Fat schleck is line …; Hopefully I move up to last

sometimes life is a false flat

by Willj on Jul 22, 2009 8:31 PM EDT up reply actions  

The top GC guys will get their reward at the end of the Tour.

Let’s just project a bit. Throw our arms around.

Cavendish- 437 points now. Let’s also give him a 1st on the last stage and 2nd in the Points competition. 577 points.

Contador- 176 points now. Let’s say he wins. That’s 120 points for holding the yellow until the end, 600 points for winning. We’re up to… 896 points. He’ll probably get some points on a couple of the other stages: throw him another 150 points just to be safe. Could be more or less. That places him at 1046.

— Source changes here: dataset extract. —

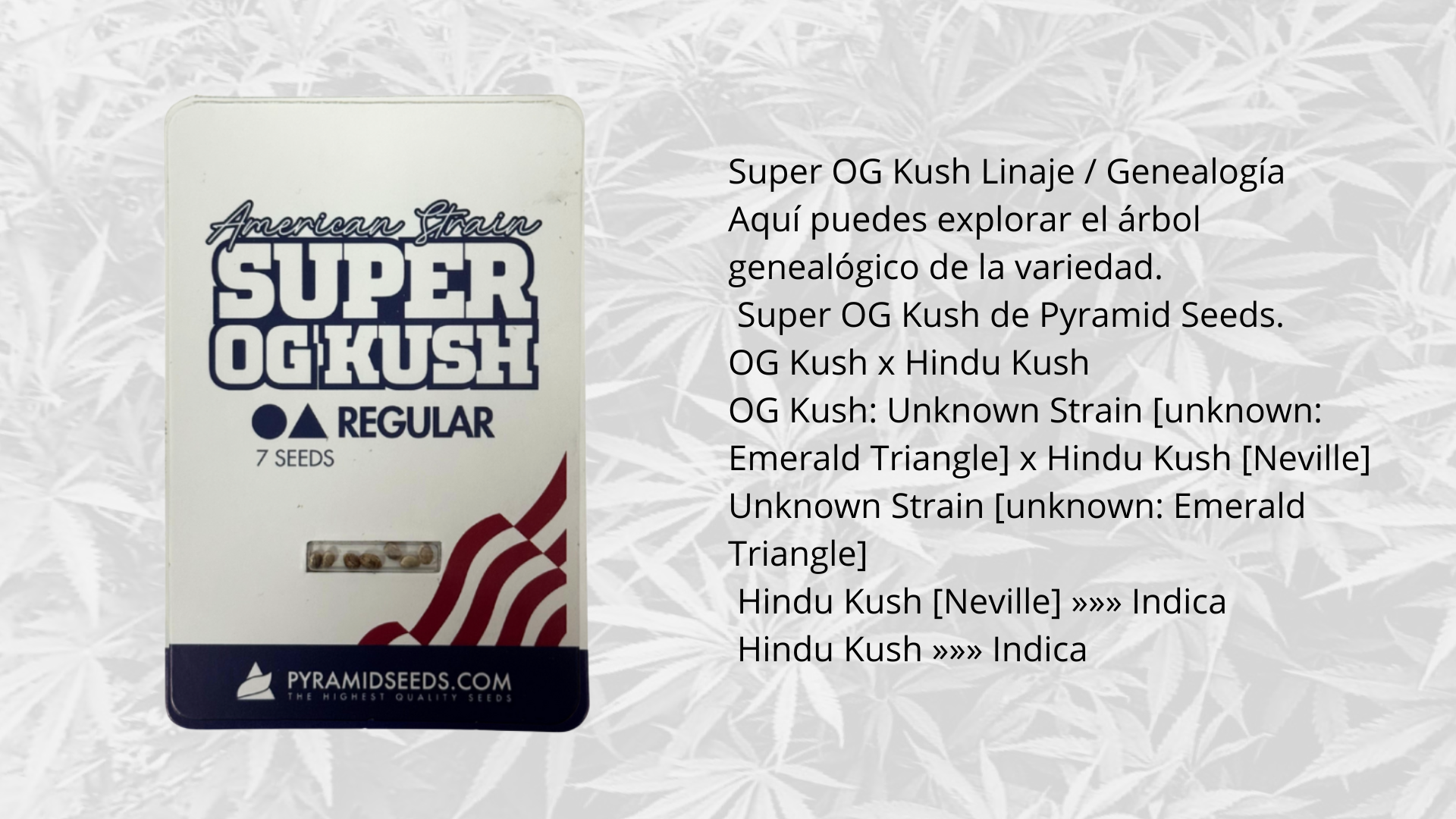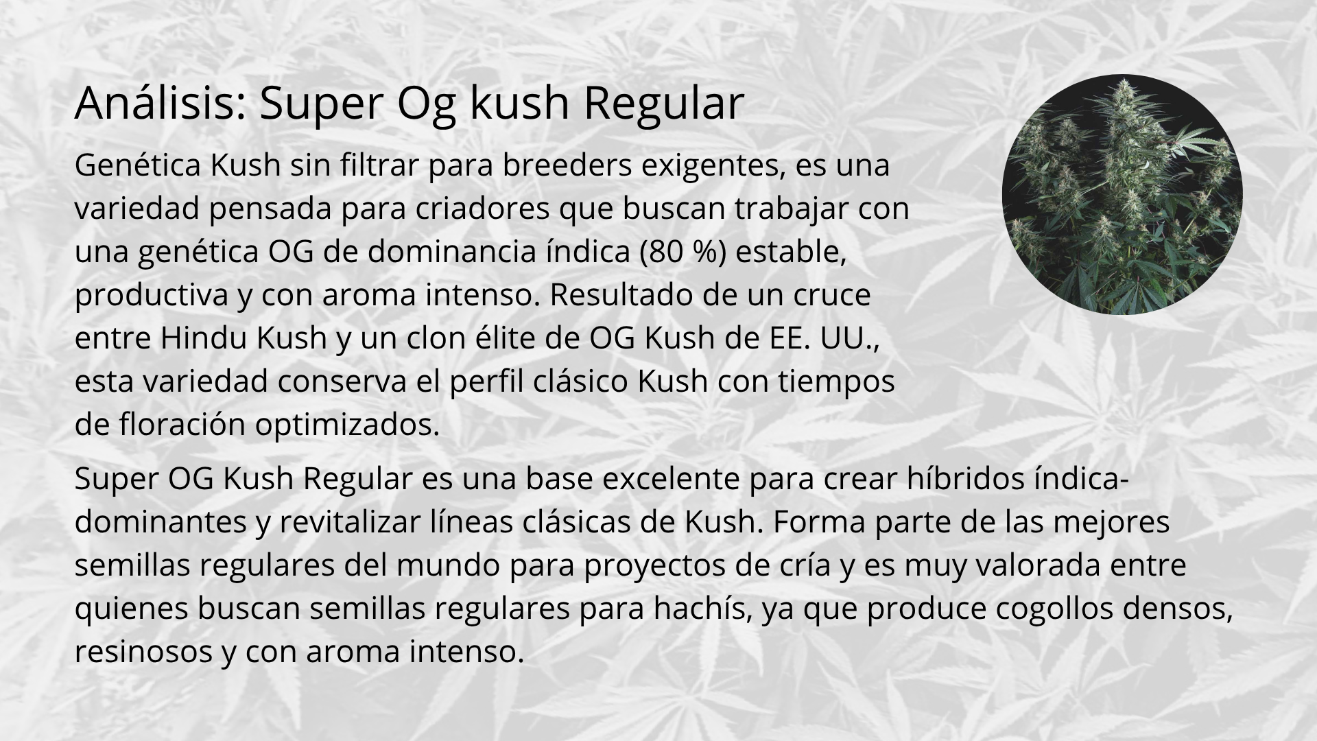 Super OG Kush (Retrocruce): No es un simple F1. Es el resultado de llevar la OG Kush un paso hacia atrás, reforzando su herencia de la Neville’s Hindu Kush. Esto da como resultado:

Hushovd- 270 points now. Give him 2nd in Paris and he wins the Green jersey. 500 points

Andy Schleck- 67 points now. Say he finishes 2nd overall. 450 points.Wins the white jersey- 120 points (final points plus each remaining stage) Places in a couple of stages- 150 points there. 787 points.

These guys are the most likely big points winners. They may do worse and some (Andy and Bert) could actually do better. Other riders may join them with that many points but to me it’s too early to tell exactly who they may be.

by ursula on Jul 19, 2009 3:18 PM EDT reply actions  

I was looking at this, too

and comparing it to last year, where the two highest Tour point totals were Sastre with 800 and Evans with 630—and the top sprinter only snagged 445. Seems like points were much more spread out last year (although since he was pipped during the Tour, all of Ricco’s points were lost, yes?). Will be interesting to see how they fall, and I’m certainly hoping Andy gets as many points as possible.

Side note: 2nd place in the green competition is worth 90 points and a stage win 80—if Cav gets both of those, he’ll go to 607, not 577.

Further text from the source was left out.